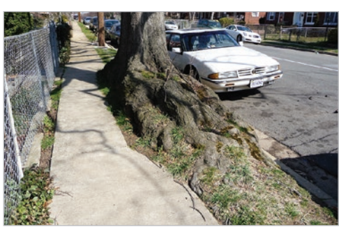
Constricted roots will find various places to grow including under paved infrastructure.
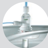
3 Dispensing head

# # # # #

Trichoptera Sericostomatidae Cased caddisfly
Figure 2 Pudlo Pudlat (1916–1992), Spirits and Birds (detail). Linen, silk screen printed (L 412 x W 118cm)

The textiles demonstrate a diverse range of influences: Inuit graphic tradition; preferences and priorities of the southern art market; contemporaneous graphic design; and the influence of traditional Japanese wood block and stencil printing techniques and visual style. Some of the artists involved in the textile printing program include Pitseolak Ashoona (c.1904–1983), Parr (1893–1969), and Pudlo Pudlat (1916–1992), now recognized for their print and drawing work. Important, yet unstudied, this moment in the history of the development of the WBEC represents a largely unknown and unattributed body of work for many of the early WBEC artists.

# # # # #

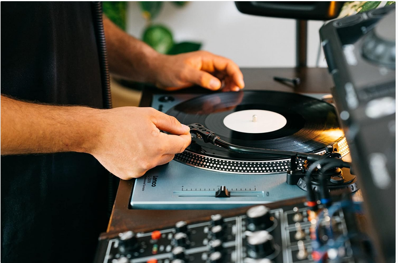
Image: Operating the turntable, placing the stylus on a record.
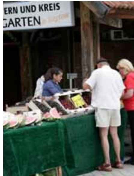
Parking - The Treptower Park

# # # # #

### Assignment
Output exactly the lines of the listing above that start with the one holding "Image: Operating the" and go on through the one holding "Parking - The Treptower Park"; leave the pictures out.

### Your solution
Image: Operating the turntable, placing the stylus on a record.
Parking - The Treptower Park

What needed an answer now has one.